**What to work on:**
Give back, exactly and with nothing else, the lines running from the one that contains "Gästemagnet: Auch in" to the end of the entries below; do not include pictures.

**Input records:**
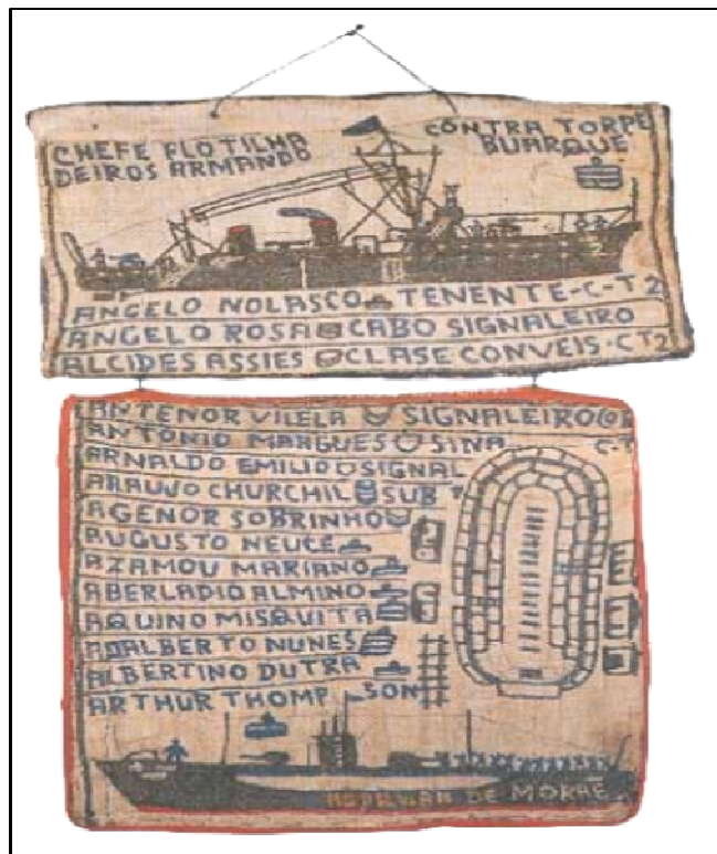
Figura 3: “Chefe Flotilha Contra Torpedeiros Armando Buarque” - Tecido, papelão e madeira, obra feita por Arthur Bispo do Rosário.

Pode-se perceber ainda nesta Figura 3, que o artista apresenta palavras e desenhos que reforçam aquilo que deseja comunicar. Enquanto apresenta palavras e nomes próprios ligado ao seu tempo da Marinha, apresenta também desenhos que remetem a este mesmo período. Barcos vistos de perfil e como um mapa da embarcação (que pode ser analisado também através de uma analogia dos aspectos que envolvem o local em que estava vivendo). Os muros do hospital podem ser tão seguros e definidos para ele quanto os entornos de um navio eram.
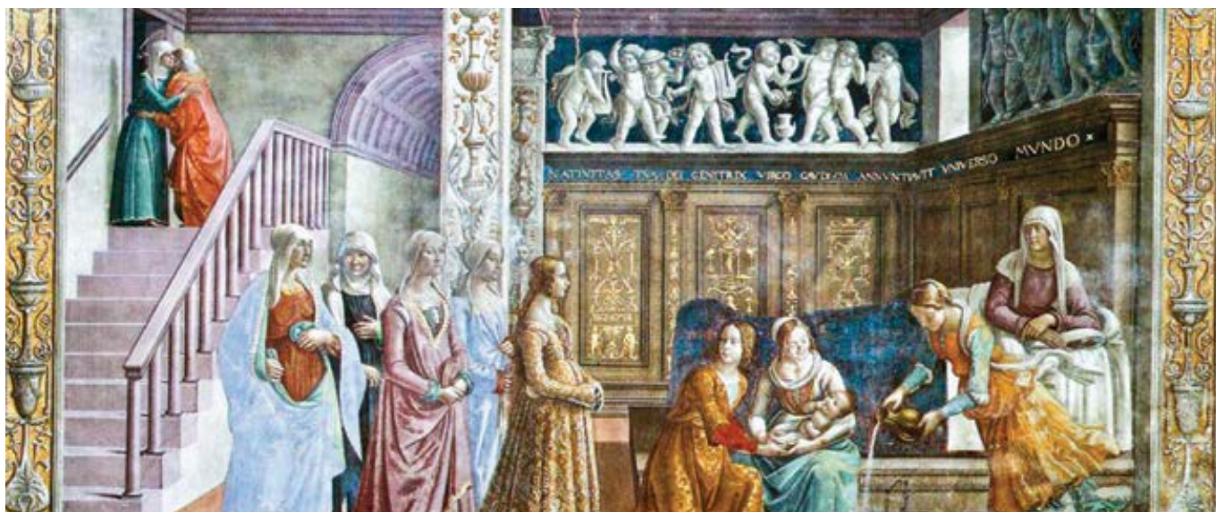
Domenico Ghirlandaio: Narození Panny Marie (1485)
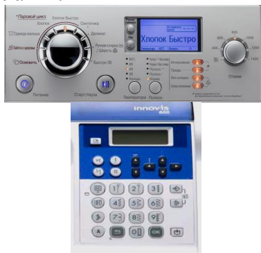
Рис. 1. Швейна машина з програмним електронним управлінням.

Перенесення знань і вмінь користування пристроєм вводу здійснюють на основі вивчення інструкцій органів керування більшістю засобів професійної діяльності учителів обслуговуючої праці. Так, на панелях органів керування переважної більшості сучасних побутових пристроїв, зокрема пральної машини-автомата і швейної машини (рис. 1.) є блок клавіш.
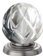
(.066-41) матовая платина platinum matt
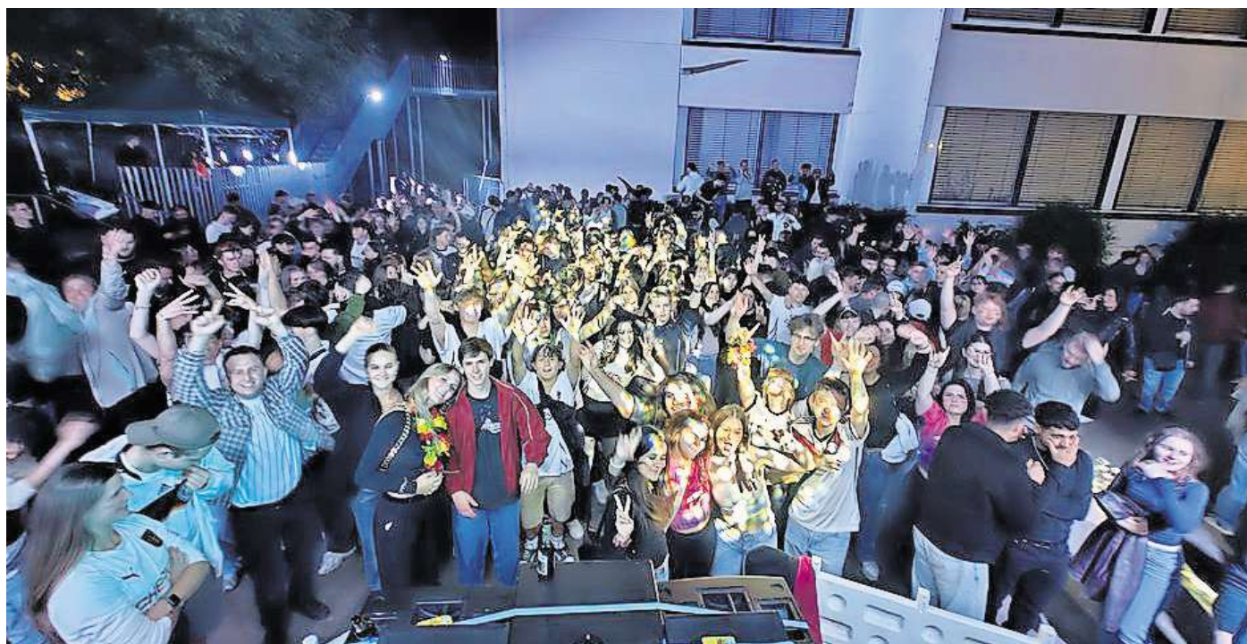
Gästemagnet: Auch in der Partyzone herrscht Jahr für Jahr ausgelassene Stimmung.

Es seien aber weniger die Gagen für die Künstler ein Problem.
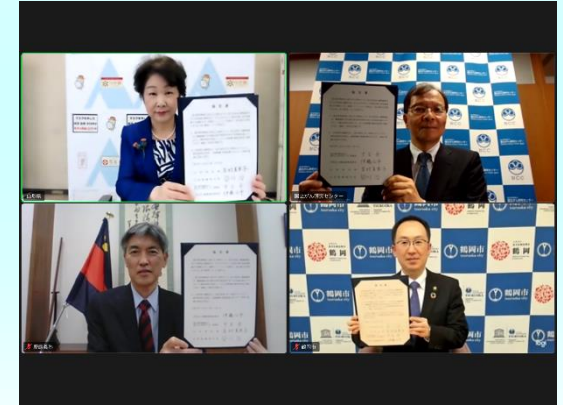
4者による協定締結式
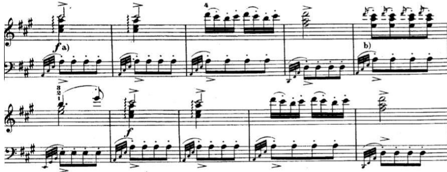
Şekil 11. W. A. Mozart'ın coda bölümünden bir kesit.

W. A. Mozart, coda bölümünü B bölümünün devamı şeklinde kurgularken, Ludwig Berger ise A bölümünün devamı şeklinde kurgulamaktadır. W. A. Mozart, eser bitişinde ana tonalitenin adaşı La Majör tonalitesini tercih ederken, L. Berger ana tonalitenin kendisini tercih etmektedir. Codaların bitiminde kullanılan oktavların fonksiyonel ve ritmik açıdan benzerliği, kırık akorların kullanımı ve çarpma notaların iki eserde de tema başlangıçları ile bitişlerini onaylayıcı bir ifadeyle kullanıldığı gözlemlenmektedir.

**Expected answer:**
Gästemagnet: Auch in der Partyzone herrscht Jahr für Jahr ausgelassene Stimmung.

Es seien aber weniger die Gagen für die Künstler ein Problem.
4者による協定締結式
Şekil 11. W. A. Mozart'ın coda bölümünden bir kesit.

W. A. Mozart, coda bölümünü B bölümünün devamı şeklinde kurgularken, Ludwig Berger ise A bölümünün devamı şeklinde kurgulamaktadır. W. A. Mozart, eser bitişinde ana tonalitenin adaşı La Majör tonalitesini tercih ederken, L. Berger ana tonalitenin kendisini tercih etmektedir. Codaların bitiminde kullanılan oktavların fonksiyonel ve ritmik açıdan benzerliği, kırık akorların kullanımı ve çarpma notaların iki eserde de tema başlangıçları ile bitişlerini onaylayıcı bir ifadeyle kullanıldığı gözlemlenmektedir.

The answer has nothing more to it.